== EXERCISE REQUIREMENTS ==
In the records below, find the line with "[w] 원마일 워싱 긴팔 파자마 세트 블루" and the line with "さらさ秋田駅前の手塚パートナーも竿燈会の方と一緒にお囃子をご披露?". Print both exactly, along with every line between them, and no other line.

== AVAILABLE RECORDS ==
++++++++
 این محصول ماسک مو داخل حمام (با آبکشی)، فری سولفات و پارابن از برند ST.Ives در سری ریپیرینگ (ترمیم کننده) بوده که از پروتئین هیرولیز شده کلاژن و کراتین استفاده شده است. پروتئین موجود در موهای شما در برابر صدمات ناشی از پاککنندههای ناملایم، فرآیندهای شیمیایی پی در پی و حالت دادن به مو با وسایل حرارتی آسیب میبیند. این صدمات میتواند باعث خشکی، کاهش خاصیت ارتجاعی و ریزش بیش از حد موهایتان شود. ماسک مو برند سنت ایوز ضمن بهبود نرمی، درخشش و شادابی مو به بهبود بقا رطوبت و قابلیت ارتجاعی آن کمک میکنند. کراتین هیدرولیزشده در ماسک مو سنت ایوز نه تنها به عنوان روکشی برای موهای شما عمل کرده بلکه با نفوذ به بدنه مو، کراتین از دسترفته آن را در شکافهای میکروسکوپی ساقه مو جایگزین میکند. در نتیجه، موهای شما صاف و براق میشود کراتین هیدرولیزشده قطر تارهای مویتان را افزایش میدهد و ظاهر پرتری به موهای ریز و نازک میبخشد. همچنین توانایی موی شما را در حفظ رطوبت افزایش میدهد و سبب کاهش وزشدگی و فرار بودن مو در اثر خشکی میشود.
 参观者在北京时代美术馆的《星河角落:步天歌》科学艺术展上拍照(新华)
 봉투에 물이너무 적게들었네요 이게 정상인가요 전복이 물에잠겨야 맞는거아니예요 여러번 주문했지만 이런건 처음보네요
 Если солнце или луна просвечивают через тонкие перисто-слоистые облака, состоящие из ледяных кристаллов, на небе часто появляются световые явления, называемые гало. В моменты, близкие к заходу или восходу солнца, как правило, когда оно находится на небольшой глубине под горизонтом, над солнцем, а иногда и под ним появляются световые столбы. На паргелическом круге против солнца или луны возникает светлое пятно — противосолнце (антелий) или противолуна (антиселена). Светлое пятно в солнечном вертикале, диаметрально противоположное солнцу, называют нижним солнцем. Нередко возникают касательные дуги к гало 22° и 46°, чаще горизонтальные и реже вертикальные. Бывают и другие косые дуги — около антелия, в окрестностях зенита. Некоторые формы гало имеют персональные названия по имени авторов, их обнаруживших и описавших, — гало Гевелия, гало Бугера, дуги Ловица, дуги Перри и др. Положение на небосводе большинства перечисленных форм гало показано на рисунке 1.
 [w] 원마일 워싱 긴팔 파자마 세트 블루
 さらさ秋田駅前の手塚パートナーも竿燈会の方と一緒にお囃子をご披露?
++++++++
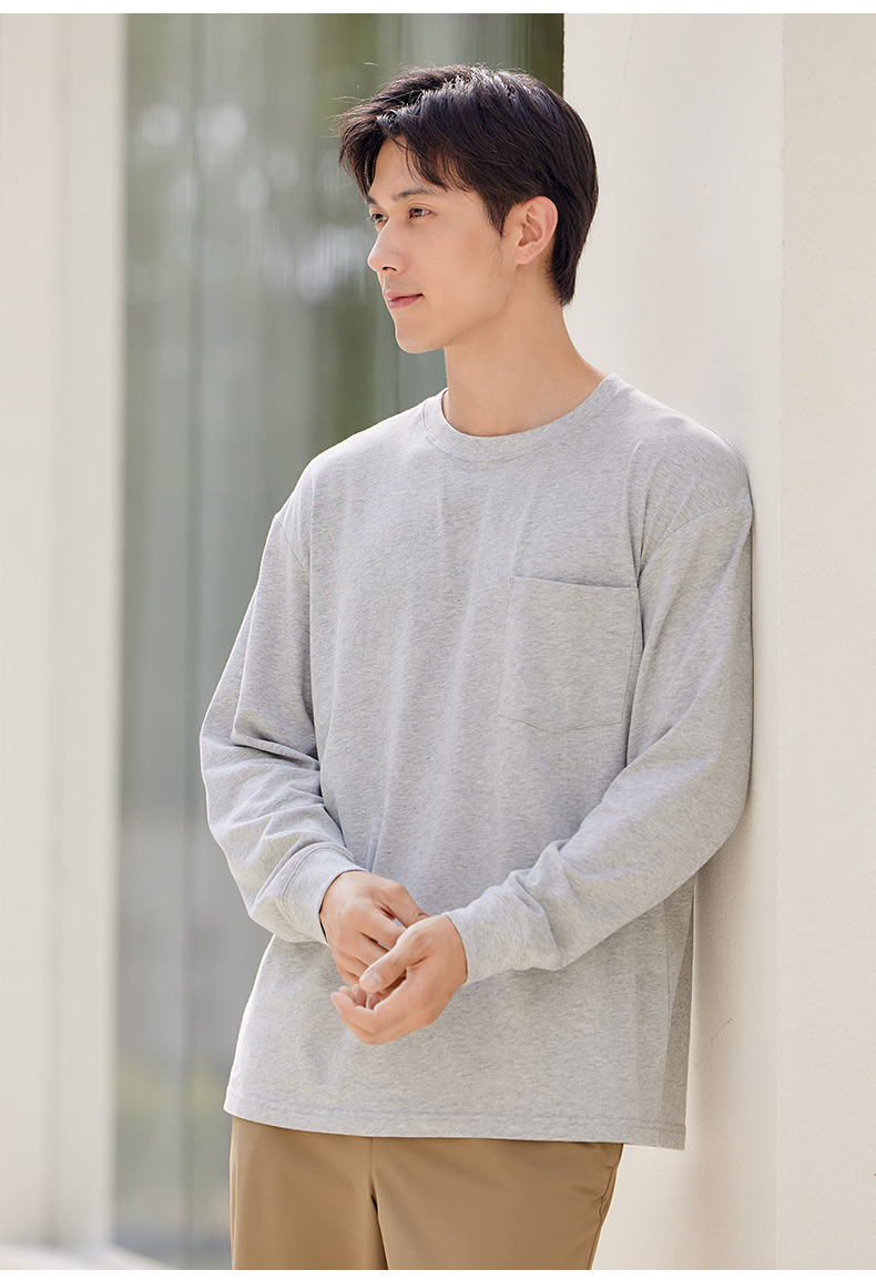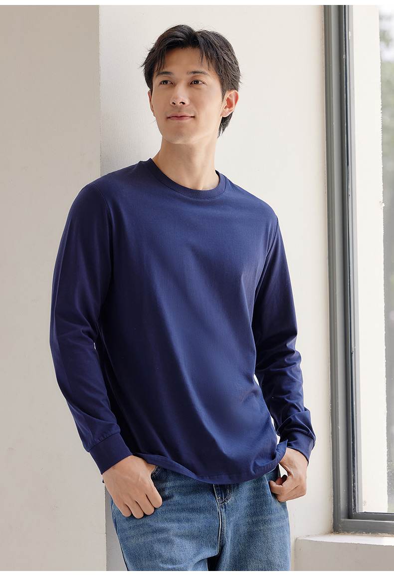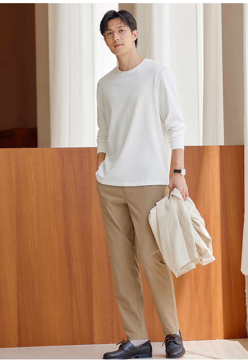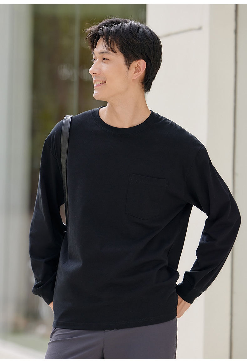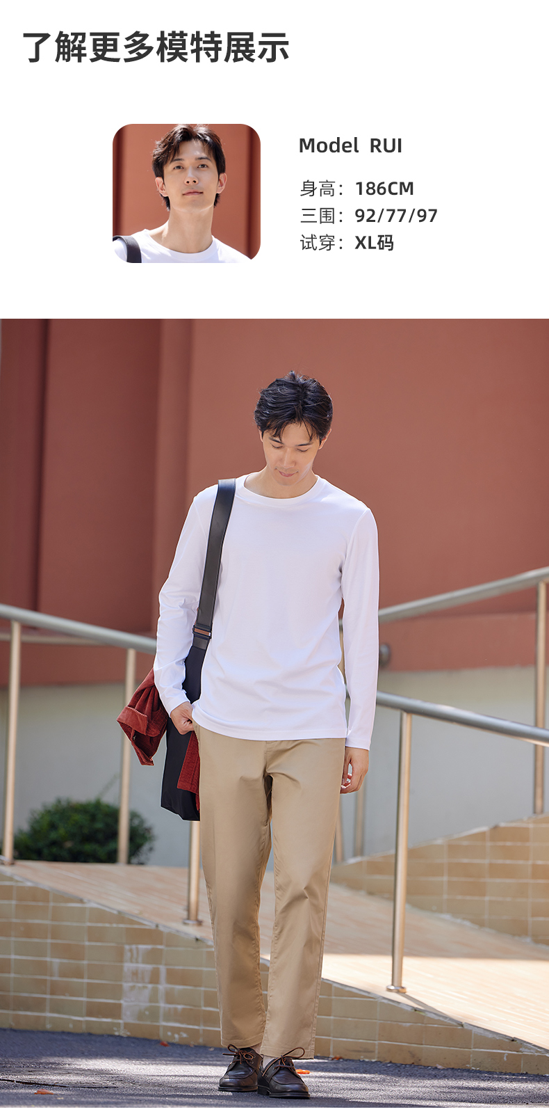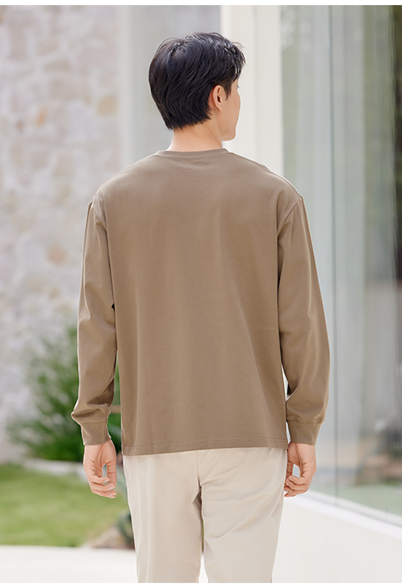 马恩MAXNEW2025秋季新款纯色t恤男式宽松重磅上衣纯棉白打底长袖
++++++++
== TASK OUTPUT ==
 [w] 원마일 워싱 긴팔 파자마 세트 블루
 さらさ秋田駅前の手塚パートナーも竿燈会の方と一緒にお囃子をご披露?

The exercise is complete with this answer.